谷口吉郎は、日本の文化の巧みな使い手だった

(日経「春秋」2014/8/18付) 明治時代の建造物を移築した愛知県犬山市博物館明治村は来年で開業から50年になる。貴重な古い建物が取り壊されていくのを惜しみ、この野外博物館の構想を描いた谷口吉郎は、明治建築の何にひかれたのだろう。明治村に集めたものは、日本で育まれた素材や意匠を西洋建築に上手に織り込んでいる。そこに谷口の視線は注がれていたのではないか。彼自身、日本の文化の巧みな使い手だった。評価が高いのがホテルオークラ東京の本館メーンロビーだ。和洋が調和した世界を創り上げたのは明治村が開業する3年前のことだ。本館は老朽化で38階建て高層棟への建て替えが決まった。今のメーンロビーがなくなるのを残念がる声は外国人からも多いが、ホテルに聞くと新しい本館も日本の伝統美を受け継いだ造りにするそうだ。基本計画づくりには谷口の息子で建築家として数々の受賞歴がある吉生氏が加わる。父を超える和の空間を期待したい。

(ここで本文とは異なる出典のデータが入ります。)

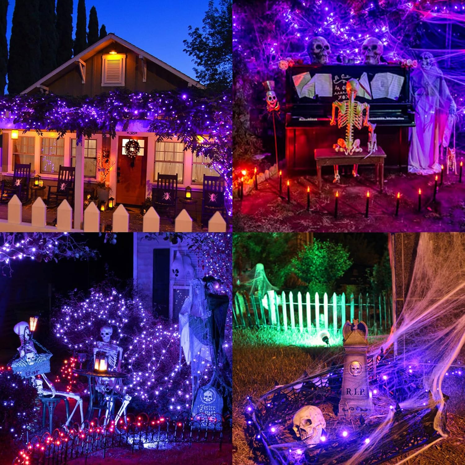 - 【300 LED Halloween Music Lights】The smart 300 bright LED purple Halloween lights built-in high sensitivity motion sensor, which will be sync with the rhythm of Halloween spooky sounds. The total length is 114.8 ft with dark green wire, which is large enough to cover the bush, fence or fireplace with a decent amount of lights. Approximately 16.4 ft lead cable which is long enough to plug in the power supply from anywhere. Add a little creepiness to your Halloween decor this year.
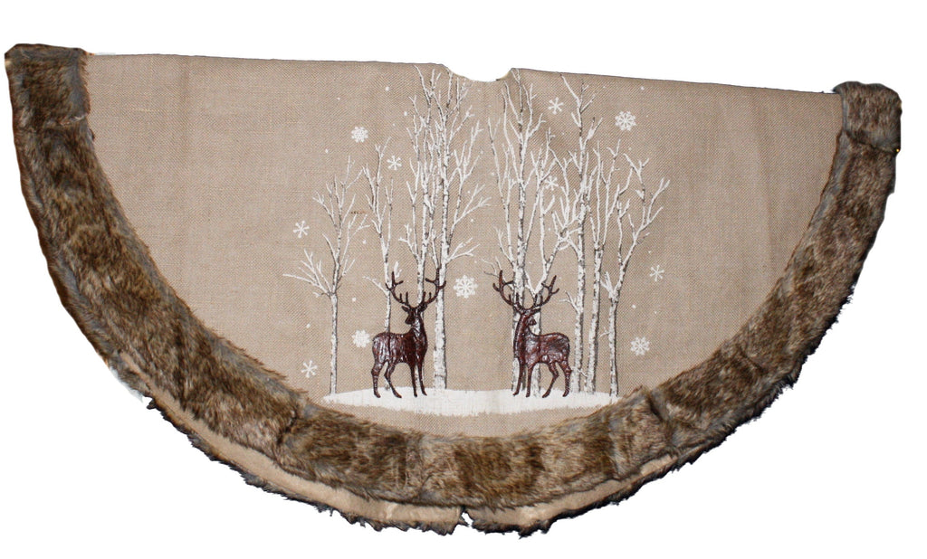Browse the Complete Gifts & Holiday Collection Bring a touch of rustic charm to your holiday decor with this 48" Reindeer Pattern Tree Skirt. Featuring a classic reindeer pattern and faux fur trim, it's sure to add a cozy feel to your home this season.
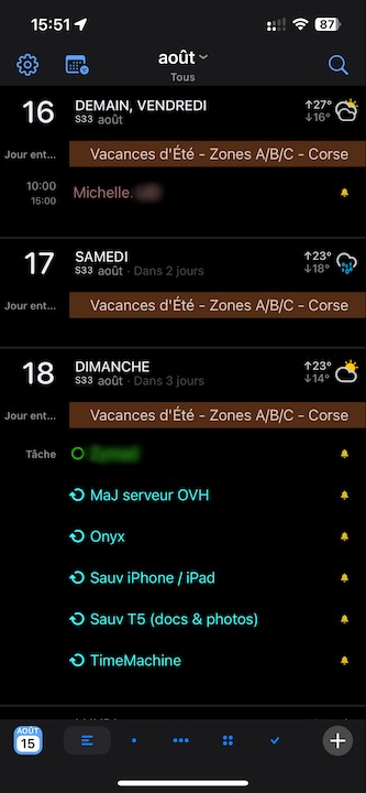 Et bien que BusyCal soit directement synchronisé avec mon serveur Nextcloud, et non lié aux apps de Calendriers et Rappels par défaut, cela semble avoir réglé les problèmes de synchronisation !
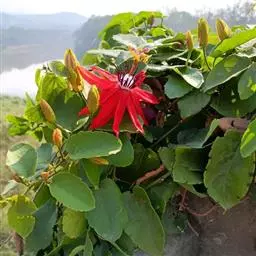 红花西番莲 是西番莲科、西番莲属多年生草质藤本,茎圆形,具卷须,长6-8米。叶互生,长圆形至长卵形,…
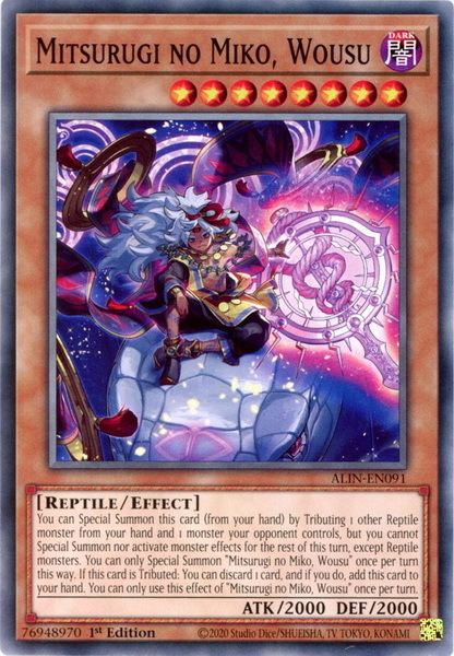 - ALIN-EN091 Mitsurugi no Miko, Wousu : Common 1st Edition Mint YuGiOh Card
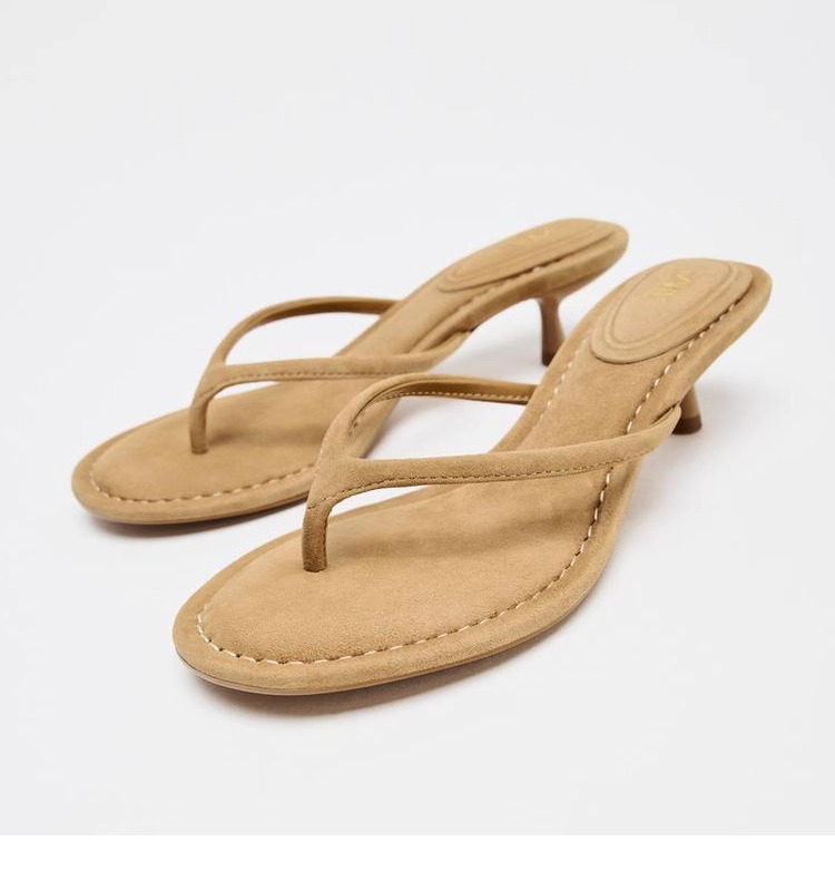 Summer Round Toe High Heel Flip-flops Flip-toe Mid Heel Sandals
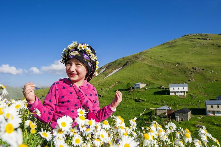 Doğu Karadeniz'de haziran ayı ile birlikte sıcaklıklar artarken bölge halkı da küçük ve büyükbaş hayvanları ile yaylalara göç etti. Karadeniz yaylalarında açan kır papatyalarını toplayan yöresel kıyafetli çocuklar rengârenk görüntüler oluşturdu. İnan KALYONCU/TRABZON, (DHA)
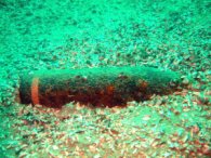 Briefing e….. si parte…profondità per incontrare le bombette -45 / -50m, prese le coordinate OK, OK, OK, si inizia la discesa…. prima di partire Luca mi dice:”scendiamo adagio perché faccio fatica con le orecchie” (le usa di solito per martellare) poi in un attimo siamo a -50m….alla faccia dell’adagio mi dico….. Nella discesa A -40 si intravedono alcune munizioni da mortaio sparse un po’ ovunque, a -45 ne appare un gruppo compatto per arrivare poi a -50 con altre sparse un po’ ovunque. Il tempo e il sedimento stanno ormai ricoprendo e distruggendo tutto, la visibilità non é eccezionale, tra i 5 e gli 8 metri, ma per me uomo abituato alle “oscure” acque luganesi (o luganeghe) è giorno pieno. L’immersione si sviluppa tra i -40 e -50 mt mentre la permanenza sul fondo di 12 min.
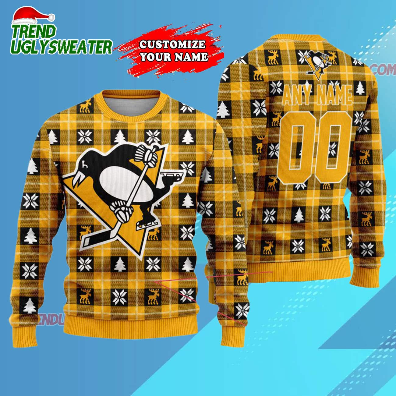 👉 Order your NHL Pittsburgh Penguins Personalized Snow Tree Ugly Christmas Sweater today and be game-day ready in style!
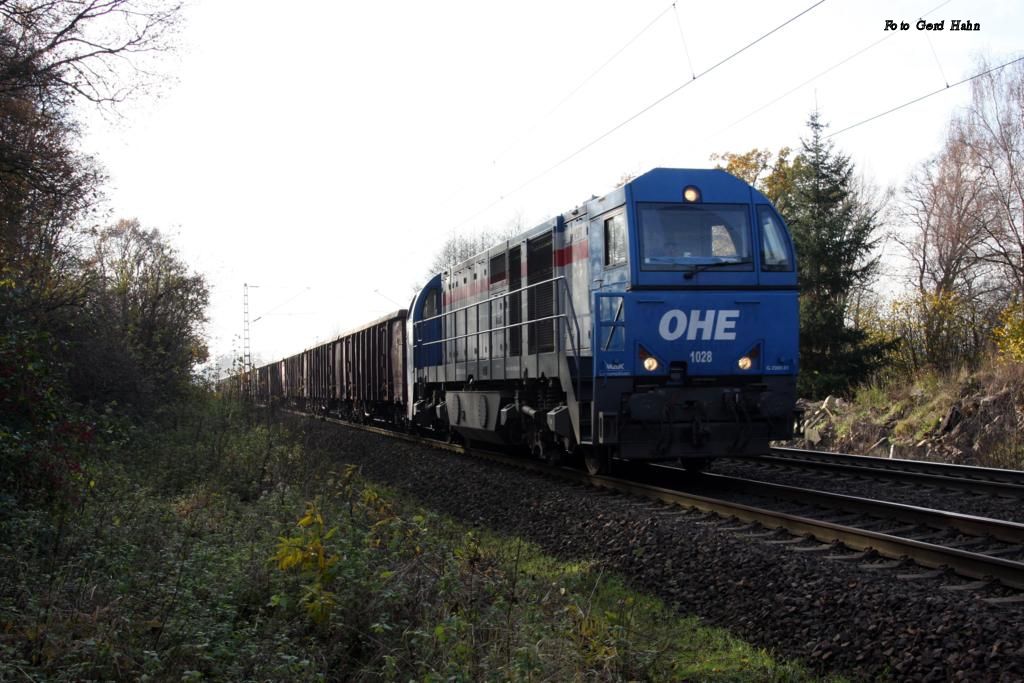 Immer freitags befördert die OHE einen Schrottzug vom Ruhrgebiet zum Stahlwerk in Georgsmarienhütte! OHE 1028 erreicht hier gerade am 21.11.2014 um 12.56 Uhr den Ortsrand von Hasbergen und ist in Richtung Georgsmarienhütte unterwegs. Gerd Hahn

(JN) 過去の貴重なものを残して行きたい。でも、現実には、それを古いものとして、スクラップして行くしかないことは悲しい。最近はでデジタル技術が発達して、様々なものがデータとして残すことができるようになり、現物は無くなっても、それを視聴覚で捉えることができるようになった。しかし、現物に勝るものはない。何とか保存できないものであろうか。建物となるとそれは尚更であり、それが空間を占領してしまう。更なるデジタル技術の発達で、立体的なものも現物のように空間を経験できるようになるであろうか。光や空気も感じられるものができるであろうか。何れにしても、現実の世界はスクラップ・アンド・ビルドで、古いものは消えてゆく。古きもの、それが良いものであろうとそうでないものであろうと壊されるが、そこから全く新たなものがつくられるわけではない。私たちは過去の財産の上に、新たなものを重ねていくのであろう。私たちは、その重ねる場所が確かな場所であることを見出すために、過去の歴史と今残る現物を確りと見つめよう。